Records from a data source
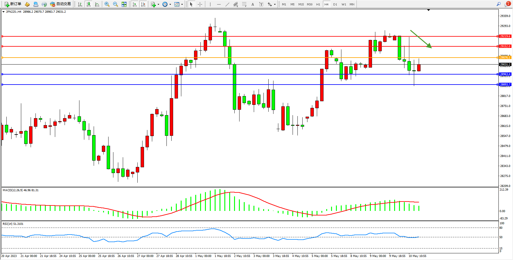 日经指数JPN225——4小时K线图显示:
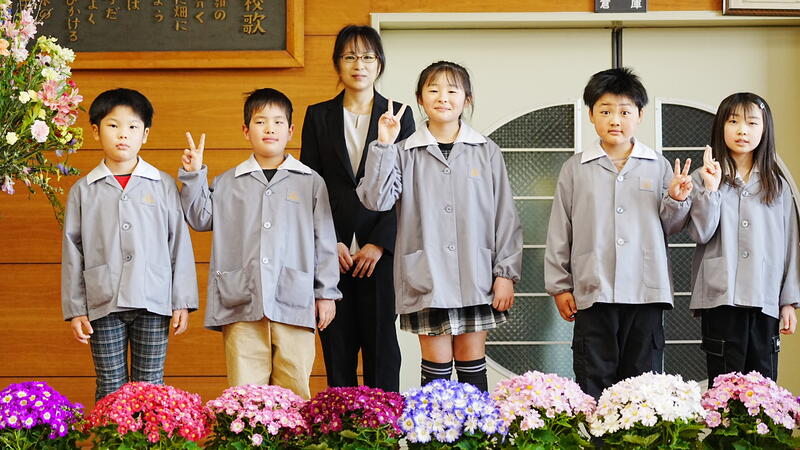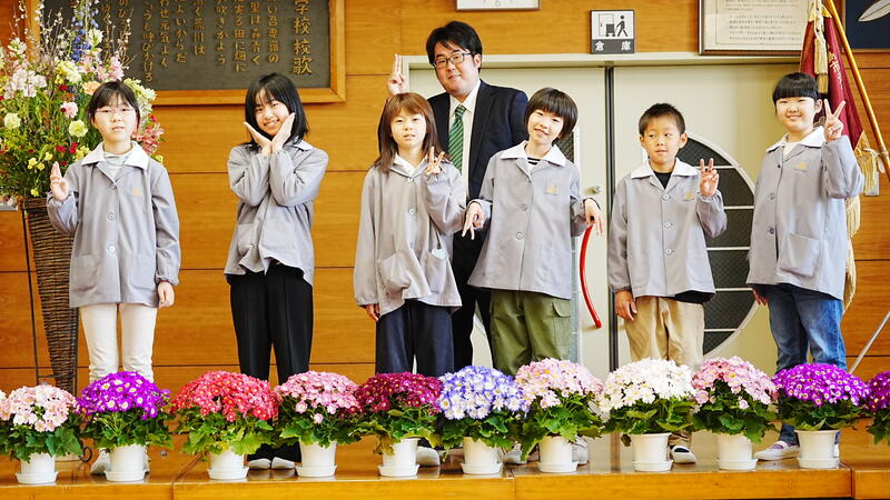 そして、今日は令和6年度第1学期が始まりました。学級ごとに記念写真撮影 ●~*
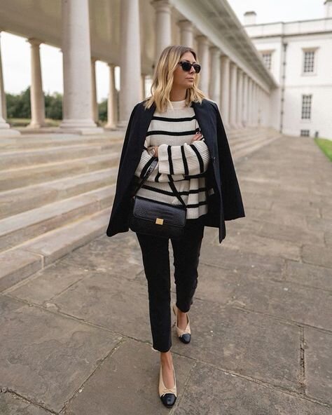 Эти великолепные балетки весьма универсальны благодаря уникальному сочетанию двух цветов. Это одна из тех комбинаций, которые мы всегда не решаемся носить. Но когда у вас есть такая вещь, как эти туфли на плоской подошве, которая сочетает в себе два цвета … это очень просто! Такие балетки идеально сочетаются с джинсами любого стиля: джинсами скинни, джинсами-клеш, укороченными джинсами и т. д. Они также будут красиво смотреться с юбками, брюками, брюками до щиколотки и т. д.
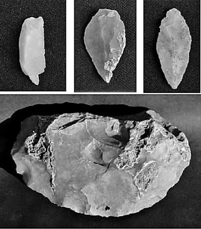 模式四:旧石器时代晚期模式。以石叶及其制品为特色,使用软锤技术、压制技术和间接剥片技术,石器类型多样,以端刮器、矛形尖状器、雕刻器等为主体,工具多小巧精美。
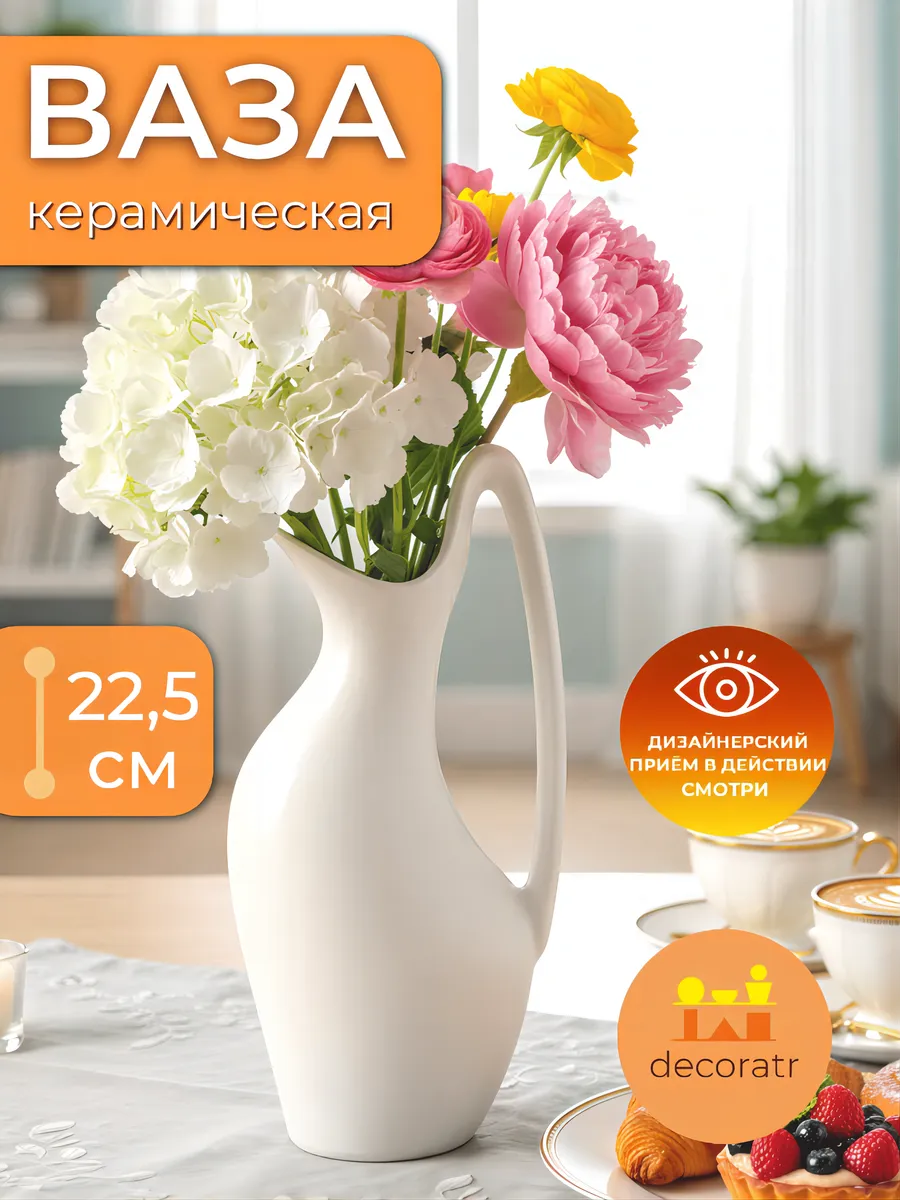 Представьте, как ваши гости замирают в восхищении, увидев эту изящную керамическую вазу высотой 22,5 см! Ваза «Белый кувшин» — это не просто интерьерная ваза для цветов, это настоящее произведение искусства, которое мгновенно преображает любое пространство.
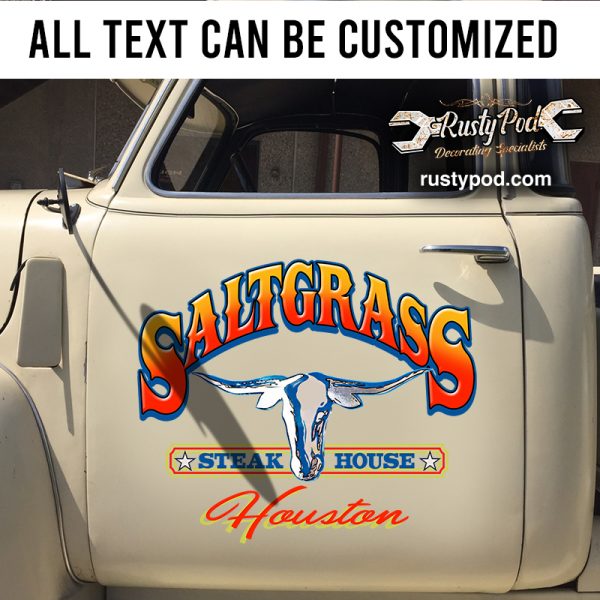 Personalized steak house long horn skull sticker 10999
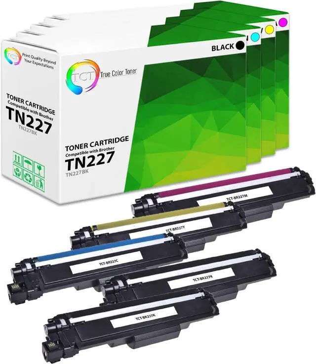 Package Contains the Following TCT Compatible Replacement Toner Cartridges: 2 × TN-227BK Black, 1 × TN-227C Cyan, 1 × TN-227M Magenta, 1 × TN-227Y Yellow for the Brother TN227 Series
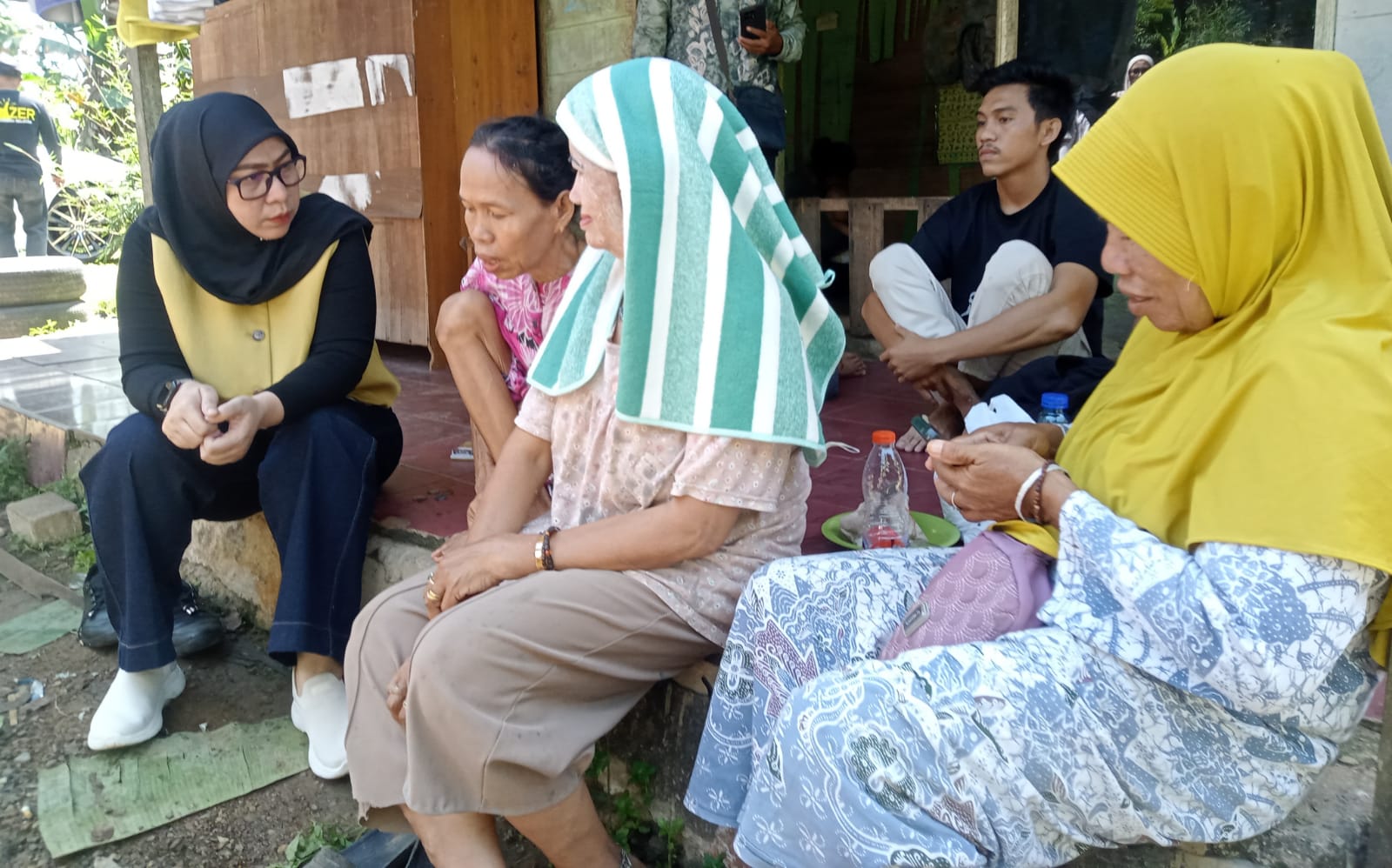 Wali Kota Banjarbaru, Hj Erna Lisa Halaby tampak berbincang dengan pemilik rumah yang terbakar disela-sela menyerahkan bantuan. (Foto : banjarbaruemas.cm)
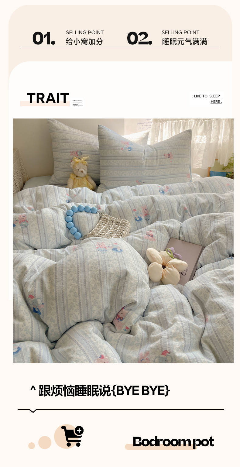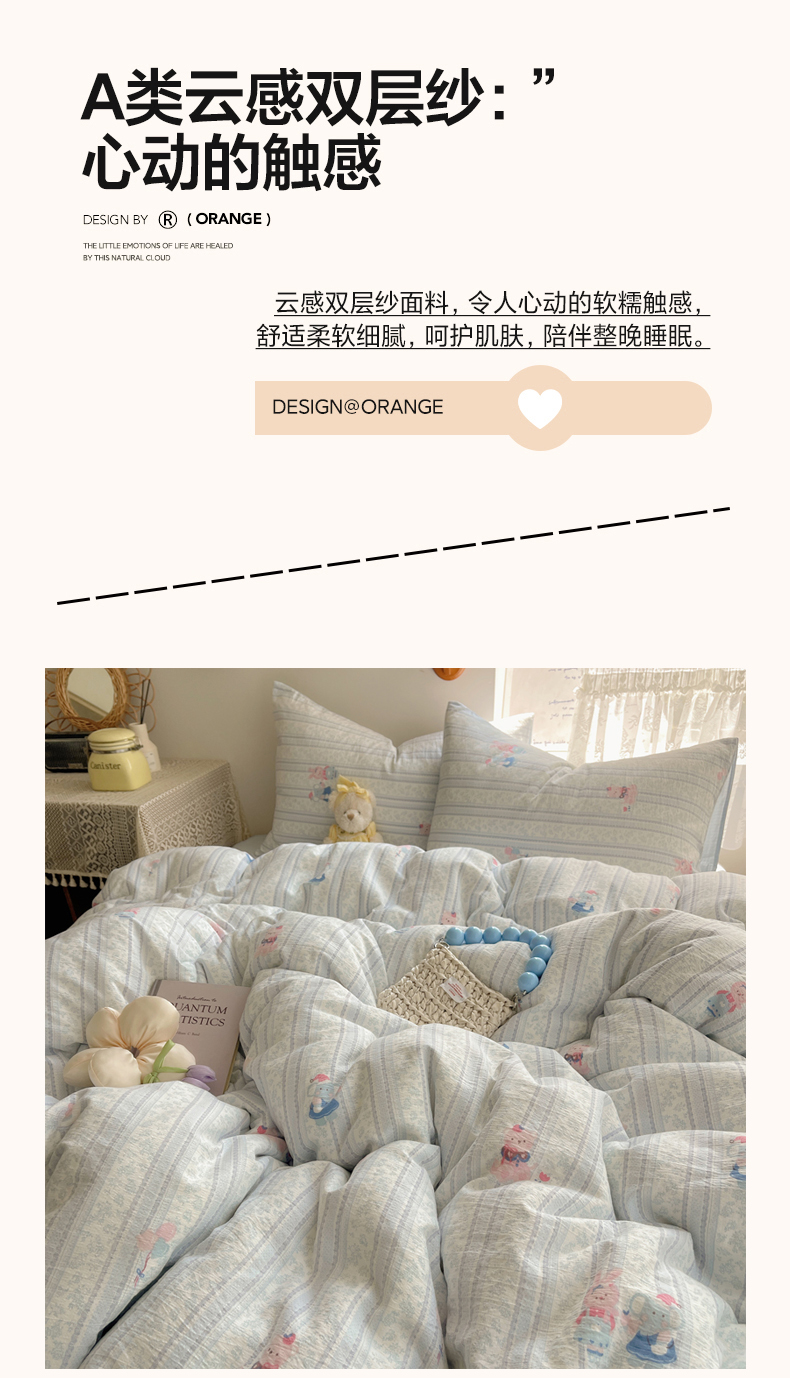 当前位置: 91家纺网 > 商品网购 > 床品套件 > 四件套 > 其它四件套 > 沐芷 2025 木棉双层纱A类四件套直播 开学季宿舍三件套 单被套/四件套--提供买家秀 彼岸-小象宝宝

_TASK REQUIREMENTS:_ Whatever lies between the first line of the data and the line holding "そして、今日は令和6年度第1学期が始まりました。学級ごとに記念写真撮影 ●~*", inclusive, should be repeated exactly, apart from the pictures.

_TASK ANSWER:_
 日经指数JPN225——4小时K线图显示:
 そして、今日は令和6年度第1学期が始まりました。学級ごとに記念写真撮影 ●~*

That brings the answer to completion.